> **WHAT THE TASK REQUIRES**:
As the answer, give exactly the lines of the records below from the one with "The Bureau of" through the one with "Ever wondered how", ends included and pictures left out.

*** EXTRACTED ENTRIES

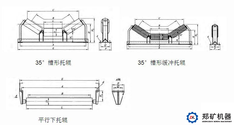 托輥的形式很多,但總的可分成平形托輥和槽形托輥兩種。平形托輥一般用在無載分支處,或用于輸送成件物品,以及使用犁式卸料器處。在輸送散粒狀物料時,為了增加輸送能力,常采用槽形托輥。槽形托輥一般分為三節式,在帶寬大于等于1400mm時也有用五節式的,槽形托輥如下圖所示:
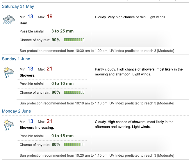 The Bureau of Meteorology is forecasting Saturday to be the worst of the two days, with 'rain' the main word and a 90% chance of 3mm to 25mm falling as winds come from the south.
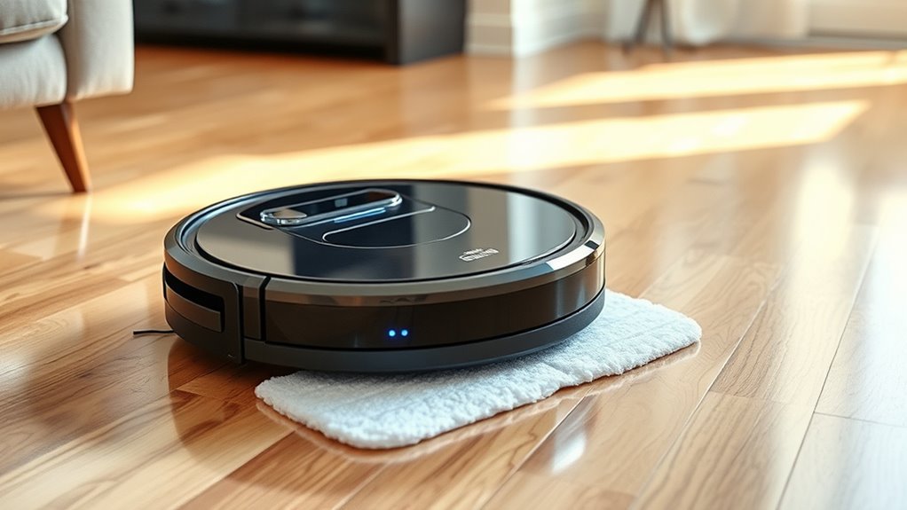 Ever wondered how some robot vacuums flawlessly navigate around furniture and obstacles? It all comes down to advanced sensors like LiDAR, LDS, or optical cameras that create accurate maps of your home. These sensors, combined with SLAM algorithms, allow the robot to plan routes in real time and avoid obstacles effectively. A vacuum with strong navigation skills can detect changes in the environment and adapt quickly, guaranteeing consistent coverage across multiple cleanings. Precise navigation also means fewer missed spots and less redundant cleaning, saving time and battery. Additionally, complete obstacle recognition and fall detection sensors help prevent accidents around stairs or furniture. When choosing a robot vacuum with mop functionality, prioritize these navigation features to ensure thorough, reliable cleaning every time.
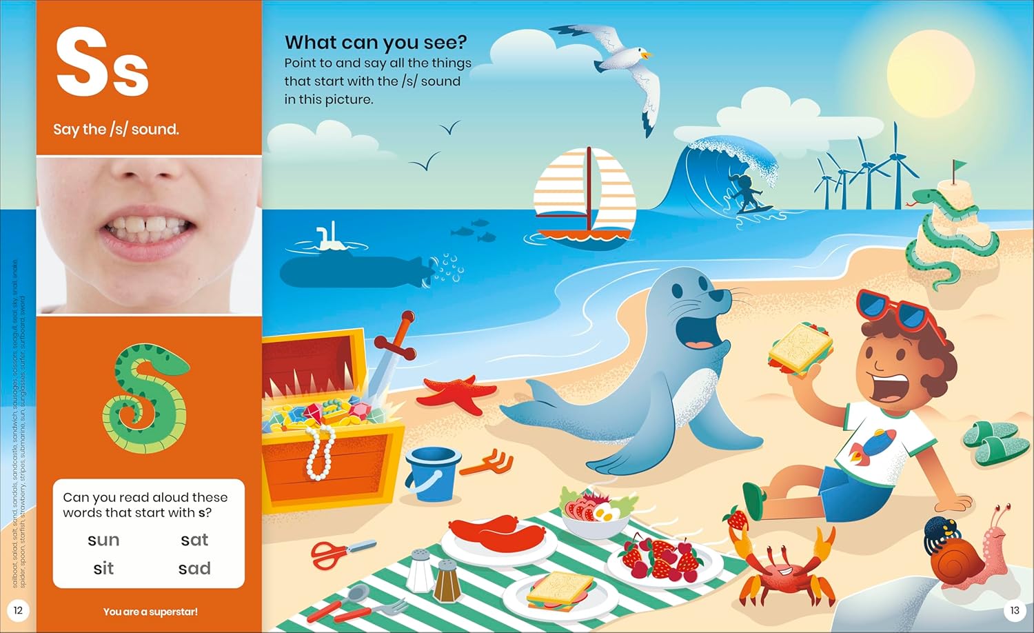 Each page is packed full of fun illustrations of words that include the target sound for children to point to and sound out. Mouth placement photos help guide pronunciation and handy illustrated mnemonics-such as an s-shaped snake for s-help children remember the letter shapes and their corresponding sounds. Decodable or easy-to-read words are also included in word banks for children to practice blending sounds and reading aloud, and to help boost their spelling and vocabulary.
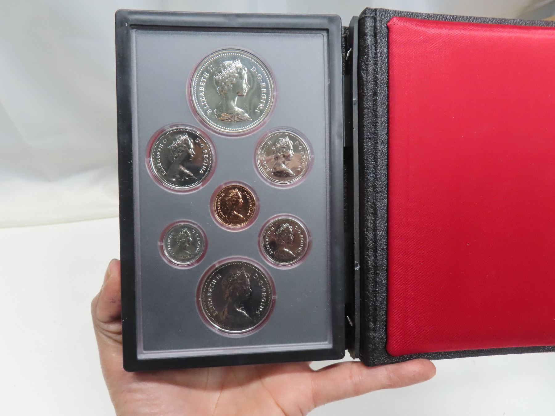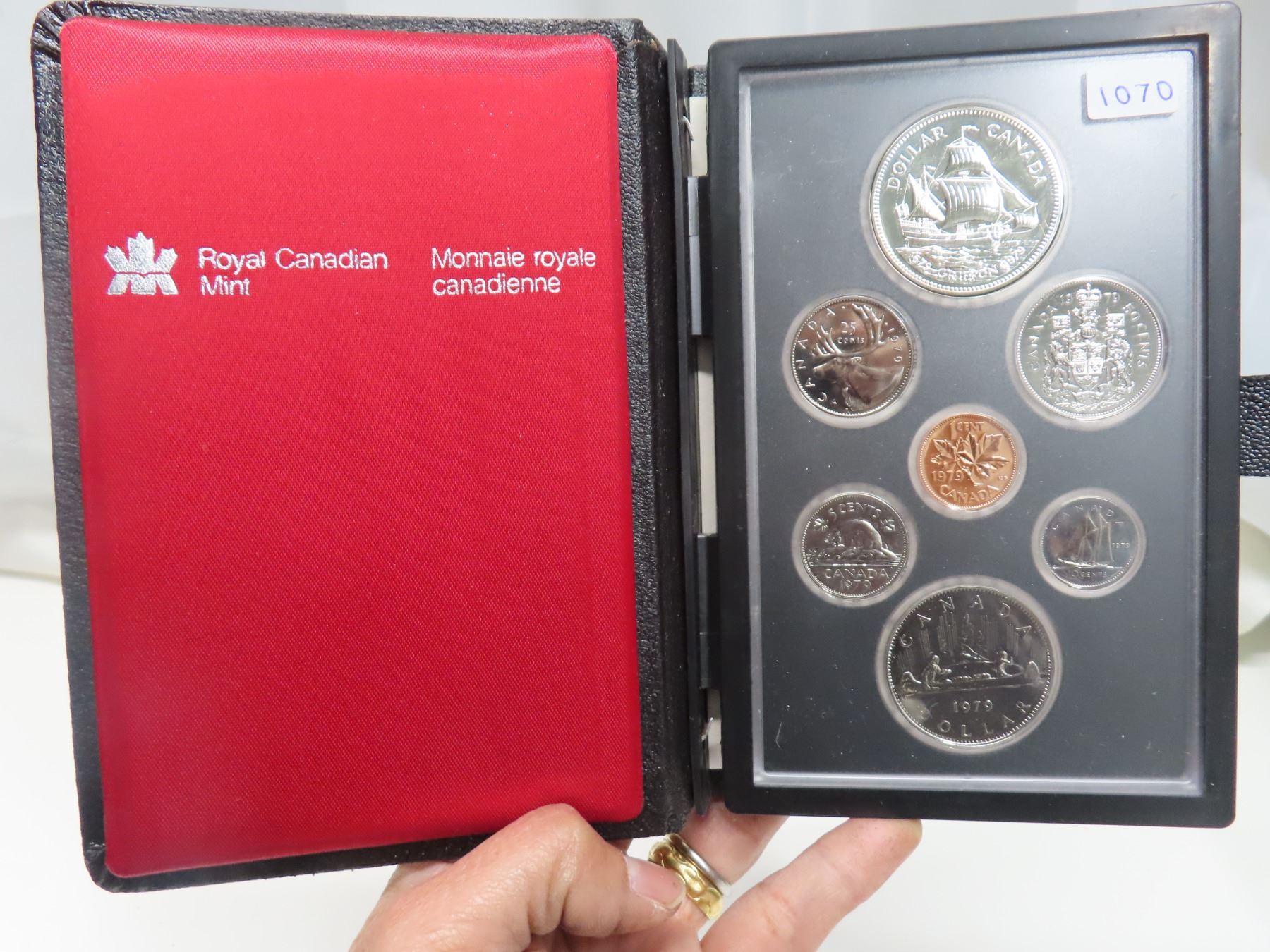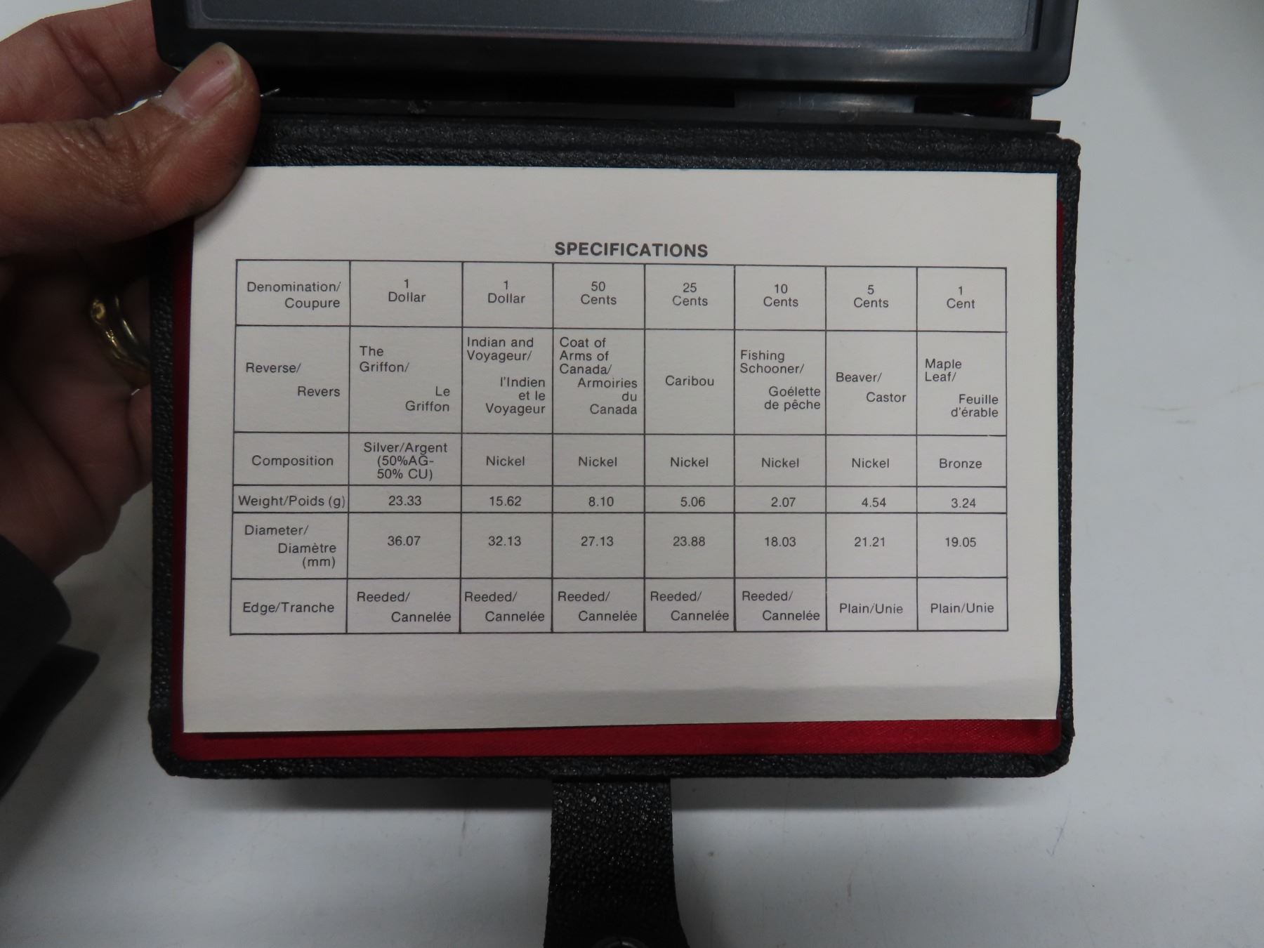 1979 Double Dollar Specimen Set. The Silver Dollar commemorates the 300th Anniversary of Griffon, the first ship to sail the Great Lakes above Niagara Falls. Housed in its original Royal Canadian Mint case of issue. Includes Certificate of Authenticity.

******
*** EXTRACTED ENTRIES

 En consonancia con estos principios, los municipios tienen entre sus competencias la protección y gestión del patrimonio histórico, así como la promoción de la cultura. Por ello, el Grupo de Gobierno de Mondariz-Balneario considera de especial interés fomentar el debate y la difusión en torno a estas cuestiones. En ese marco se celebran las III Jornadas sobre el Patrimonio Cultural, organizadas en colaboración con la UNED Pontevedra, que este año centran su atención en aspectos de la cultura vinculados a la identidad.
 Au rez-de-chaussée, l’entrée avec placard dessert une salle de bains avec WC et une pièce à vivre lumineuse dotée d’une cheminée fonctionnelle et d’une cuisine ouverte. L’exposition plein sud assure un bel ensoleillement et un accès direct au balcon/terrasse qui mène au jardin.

******

> **EXPECTED ANSWER**:
 The Bureau of Meteorology is forecasting Saturday to be the worst of the two days, with 'rain' the main word and a 90% chance of 3mm to 25mm falling as winds come from the south.
 Ever wondered how some robot vacuums flawlessly navigate around furniture and obstacles? It all comes down to advanced sensors like LiDAR, LDS, or optical cameras that create accurate maps of your home. These sensors, combined with SLAM algorithms, allow the robot to plan routes in real time and avoid obstacles effectively. A vacuum with strong navigation skills can detect changes in the environment and adapt quickly, guaranteeing consistent coverage across multiple cleanings. Precise navigation also means fewer missed spots and less redundant cleaning, saving time and battery. Additionally, complete obstacle recognition and fall detection sensors help prevent accidents around stairs or furniture. When choosing a robot vacuum with mop functionality, prioritize these navigation features to ensure thorough, reliable cleaning every time.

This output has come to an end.